§ **REQUIRED WORK**: The data must be given again exactly as written, with all images omitted.

─── RECORDED INFORMATION

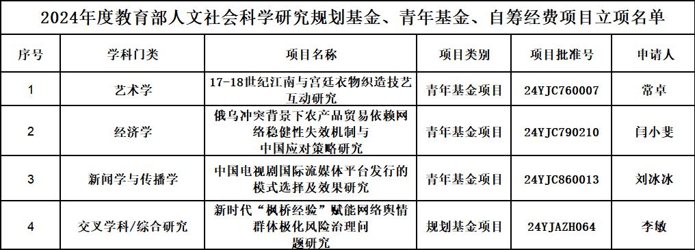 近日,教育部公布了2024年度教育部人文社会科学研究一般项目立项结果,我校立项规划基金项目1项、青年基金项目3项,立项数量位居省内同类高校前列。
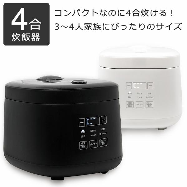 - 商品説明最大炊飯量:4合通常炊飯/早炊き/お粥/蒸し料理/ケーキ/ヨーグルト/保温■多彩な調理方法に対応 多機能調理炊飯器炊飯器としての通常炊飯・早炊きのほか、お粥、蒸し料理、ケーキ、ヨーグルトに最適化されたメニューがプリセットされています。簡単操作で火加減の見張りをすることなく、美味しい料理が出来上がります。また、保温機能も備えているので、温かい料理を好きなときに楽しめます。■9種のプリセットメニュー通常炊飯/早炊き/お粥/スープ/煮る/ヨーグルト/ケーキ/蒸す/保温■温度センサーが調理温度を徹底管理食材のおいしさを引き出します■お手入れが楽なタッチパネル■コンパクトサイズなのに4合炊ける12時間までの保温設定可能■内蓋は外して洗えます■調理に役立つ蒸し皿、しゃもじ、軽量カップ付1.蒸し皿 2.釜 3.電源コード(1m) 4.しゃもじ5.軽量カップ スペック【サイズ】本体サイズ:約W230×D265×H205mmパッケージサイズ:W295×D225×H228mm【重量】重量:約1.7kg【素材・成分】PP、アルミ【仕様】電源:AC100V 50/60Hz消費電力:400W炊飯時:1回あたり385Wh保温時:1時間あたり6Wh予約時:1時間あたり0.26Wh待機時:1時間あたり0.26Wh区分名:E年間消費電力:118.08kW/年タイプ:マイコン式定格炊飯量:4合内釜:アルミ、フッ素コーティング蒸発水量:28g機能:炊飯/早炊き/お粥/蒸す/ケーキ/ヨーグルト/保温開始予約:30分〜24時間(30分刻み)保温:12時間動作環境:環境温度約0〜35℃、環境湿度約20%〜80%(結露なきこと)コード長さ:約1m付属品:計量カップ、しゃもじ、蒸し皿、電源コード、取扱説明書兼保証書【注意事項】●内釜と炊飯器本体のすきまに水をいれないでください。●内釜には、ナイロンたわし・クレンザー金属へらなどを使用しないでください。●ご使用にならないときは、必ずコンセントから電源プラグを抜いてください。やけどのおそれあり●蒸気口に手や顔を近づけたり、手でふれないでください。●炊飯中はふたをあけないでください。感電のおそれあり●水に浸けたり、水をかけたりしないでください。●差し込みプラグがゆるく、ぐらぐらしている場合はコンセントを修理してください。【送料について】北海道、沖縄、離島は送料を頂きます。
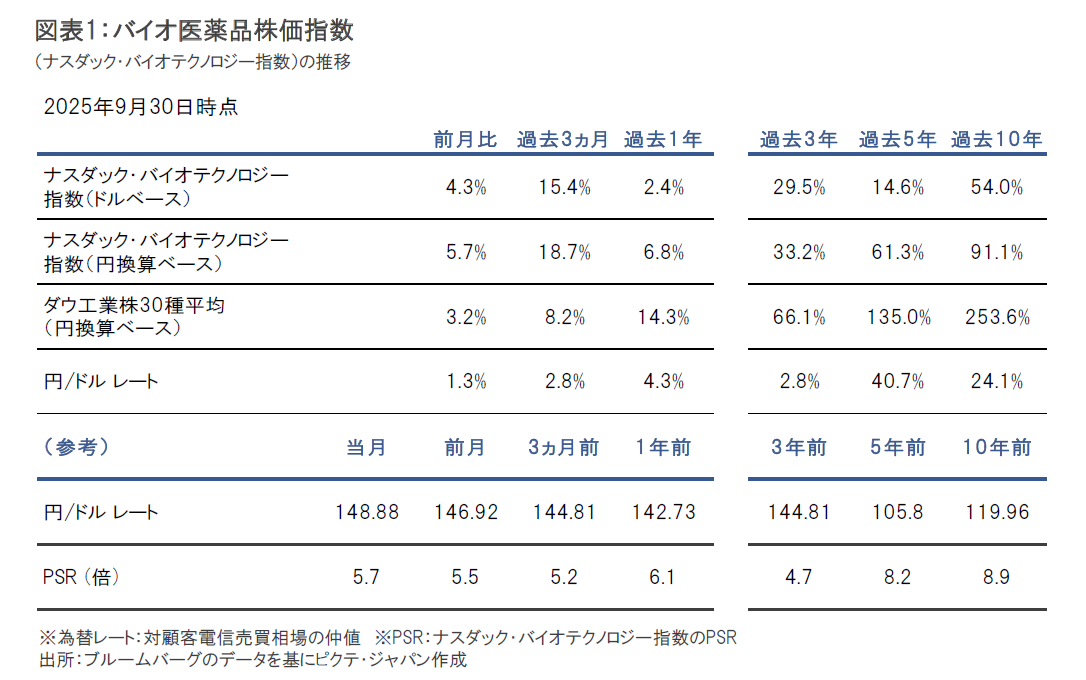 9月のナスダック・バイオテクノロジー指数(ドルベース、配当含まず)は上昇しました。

──────

§ **EXERCISE OUTPUT**:
 近日,教育部公布了2024年度教育部人文社会科学研究一般项目立项结果,我校立项规划基金项目1项、青年基金项目3项,立项数量位居省内同类高校前列。
 - 商品説明最大炊飯量:4合通常炊飯/早炊き/お粥/蒸し料理/ケーキ/ヨーグルト/保温■多彩な調理方法に対応 多機能調理炊飯器炊飯器としての通常炊飯・早炊きのほか、お粥、蒸し料理、ケーキ、ヨーグルトに最適化されたメニューがプリセットされています。簡単操作で火加減の見張りをすることなく、美味しい料理が出来上がります。また、保温機能も備えているので、温かい料理を好きなときに楽しめます。■9種のプリセットメニュー通常炊飯/早炊き/お粥/スープ/煮る/ヨーグルト/ケーキ/蒸す/保温■温度センサーが調理温度を徹底管理食材のおいしさを引き出します■お手入れが楽なタッチパネル■コンパクトサイズなのに4合炊ける12時間までの保温設定可能■内蓋は外して洗えます■調理に役立つ蒸し皿、しゃもじ、軽量カップ付1.蒸し皿 2.釜 3.電源コード(1m) 4.しゃもじ5.軽量カップ スペック【サイズ】本体サイズ:約W230×D265×H205mmパッケージサイズ:W295×D225×H228mm【重量】重量:約1.7kg【素材・成分】PP、アルミ【仕様】電源:AC100V 50/60Hz消費電力:400W炊飯時:1回あたり385Wh保温時:1時間あたり6Wh予約時:1時間あたり0.26Wh待機時:1時間あたり0.26Wh区分名:E年間消費電力:118.08kW/年タイプ:マイコン式定格炊飯量:4合内釜:アルミ、フッ素コーティング蒸発水量:28g機能:炊飯/早炊き/お粥/蒸す/ケーキ/ヨーグルト/保温開始予約:30分〜24時間(30分刻み)保温:12時間動作環境:環境温度約0〜35℃、環境湿度約20%〜80%(結露なきこと)コード長さ:約1m付属品:計量カップ、しゃもじ、蒸し皿、電源コード、取扱説明書兼保証書【注意事項】●内釜と炊飯器本体のすきまに水をいれないでください。●内釜には、ナイロンたわし・クレンザー金属へらなどを使用しないでください。●ご使用にならないときは、必ずコンセントから電源プラグを抜いてください。やけどのおそれあり●蒸気口に手や顔を近づけたり、手でふれないでください。●炊飯中はふたをあけないでください。感電のおそれあり●水に浸けたり、水をかけたりしないでください。●差し込みプラグがゆるく、ぐらぐらしている場合はコンセントを修理してください。【送料について】北海道、沖縄、離島は送料を頂きます。
 9月のナスダック・バイオテクノロジー指数(ドルベース、配当含まず)は上昇しました。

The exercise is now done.